Billions of bits of information fly across social media every second. The internet, Facebook, Twitter, Pinterest, LinkedIn, Snap Chat, and on and on it goes. Site after site dedicated to “con-necting” people online. On the surface it seems like harmless fun and a great tool when friends and family want to share their lives. After more than ten years, though, the effects can be seen of too much time in an alternate universe and virtual world.

The average American under the age of 35 is hyper-dependent upon their phone and social media. They risk their lives daily to text while driving and text and communicate online even when they are in the same room. Communication skills are dissipating as reading is replaced with scanning; spelling is replaced with auto correct; ideas, are replaced with trends; and emotions are reduced to emojis. Empathy is diminishing as the rate of face to face conversations ebbs. Bullying is on the rise for the same reason. It is easier to type cruelties when you won’t be faced with the persons live reaction and when you are in the privacy of your own room.

Sadly, with all the ways to “connect” people we are more isolated than ever. The irony is loneliness drives people to more social media which makes them feel more isolated. In the virtual world it appears every one else is living a full and care free life full of friends. Yet building friendships and heart connections has been reduced to building a large body of names under the heading, “Friends.” The more names, the more popular a person feels. True friendship takes time and personal investment in each others lives. Instead we scroll through the newsfeed making voyeuristic judgements and comparisons. A person’s actions must be validated by the number of “likes” they get on a post.
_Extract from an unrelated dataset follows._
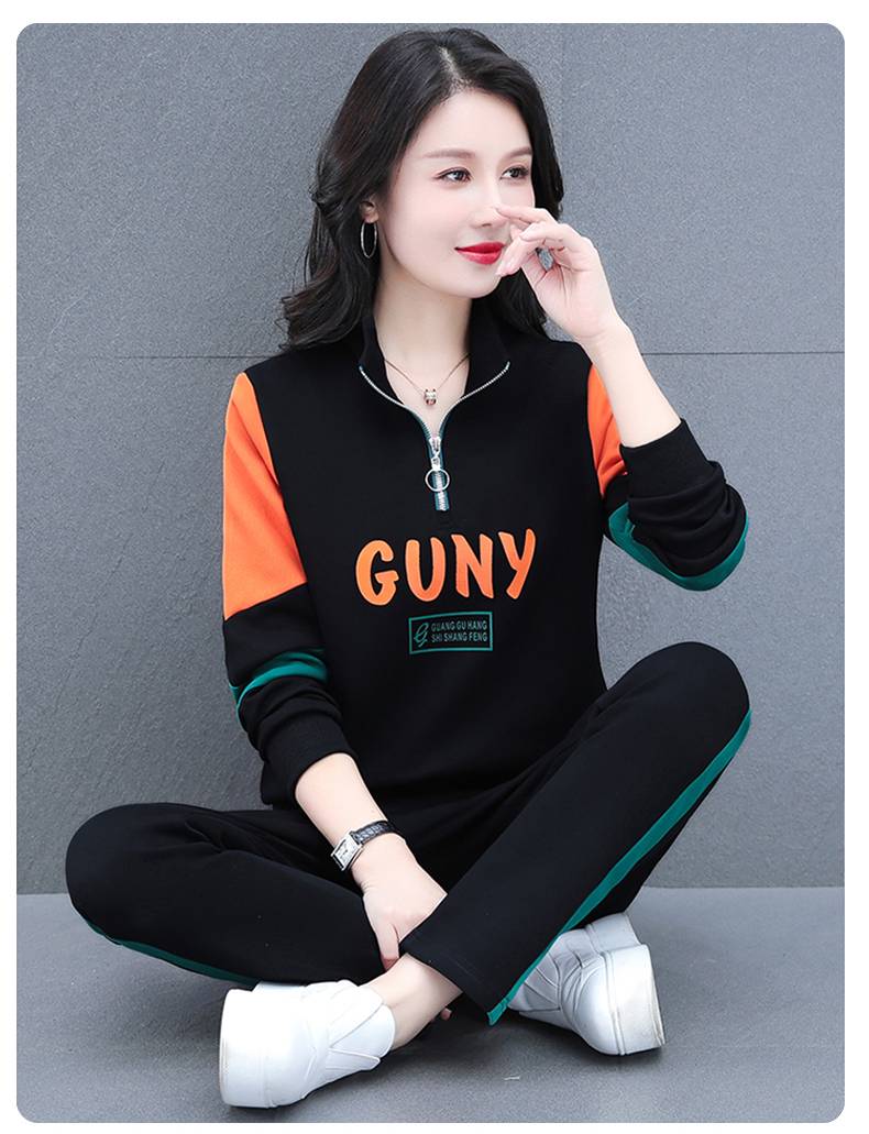 字母印花休閒衛衣長褲兩件套【黑色】+【杏色】各一套(優惠400,每套798)

People who live for the next surge of social media attention are no longer living and present in their own lives. They are too busy documenting the most noteworthy moments and wondering what the virtual world will think. You can’t go anywhere without seeing someone taking a selfie. Just being in the moment is no longer enough. The social media beast must be continually fed new material in order to justify ones existence.
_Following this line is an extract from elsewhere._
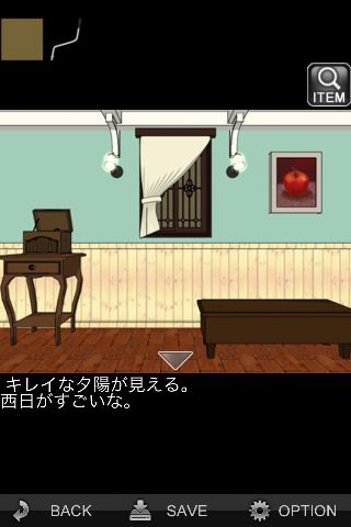 窓を調べて『西日がすごいな』のメッセージを出して、「レバー」の文字を拡大する。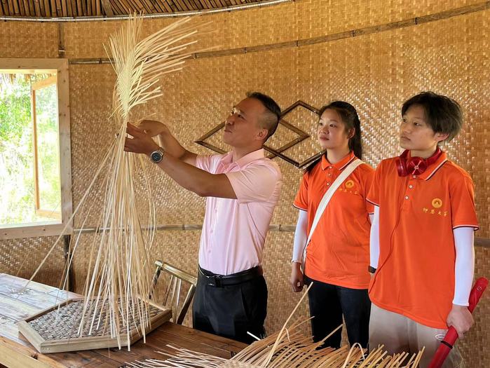(传承人向实践队员讲解竹编编制奥秘)

What about those not so noteworthy moments? Those serve instead to feed the lie that everyone else has a picture-perfect life except me. No one else is fighting with their spouse, struggling with their children, or feeling frustrated by life because these moments are not documented. Depression is on the rise. Low self worth and body image issues are off the charts. All the while hurting individuals seek to post the picture that will feed their need for validation.

Putting your best foot forward and needing validation are not new to the virtual world, these are issues we all faced growing up. It’s just that when we really do life together in a face to face way, we experience more balance seeing the good and the bad. Part of growing up is learning we are not the center of the universe and failure brings growth not death. We learn to invest in each other and trust can built when we open up and are vulnerable. Relationships grow and bloom in the messy parts of life not in the picture perfect moments. But in the fast paced, two dimensional world of the internet this maturing process is lost. More importantly, true connection and intimacy is dying on the vine. We were created for a deeper type of relationship.
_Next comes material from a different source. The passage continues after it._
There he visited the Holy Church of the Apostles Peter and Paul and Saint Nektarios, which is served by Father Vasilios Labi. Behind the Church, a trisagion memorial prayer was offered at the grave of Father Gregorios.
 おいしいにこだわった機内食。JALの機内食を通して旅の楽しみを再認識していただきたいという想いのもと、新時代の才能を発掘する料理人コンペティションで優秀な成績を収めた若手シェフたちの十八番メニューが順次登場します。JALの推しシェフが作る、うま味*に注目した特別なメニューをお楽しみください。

Young men and women are trading in the true love and commitment of a live person for the cheap thrill of a two dimensional image. Too much virtual love and self gratification is causing impotency to rise in younger and younger men. Virtual sexuality is as damaging as virtual relationships. Because they exist mostly in the mind and the central figure is “ME”. It’s a breeding ground for narcissists, voyeurs, and sexual predators. I see the damage done every day at Hope After Betrayal. The internet is a siren call to self-centeredness and ultimately isolation.

I also see the power of community as women participate and share their pain. We provide a safe community where there is no judgment or comparisons. We simply share tools that help us heal from the deep betrayal. We come together bringing the good, bad, and the ugly. Validation comes when other women on the same path share what works and doesn’t work. Most of all, we bring God into each class as we see His powerful hand heal and Spirit teach. There are no phones, computers, or internet—just a safe place to do life together.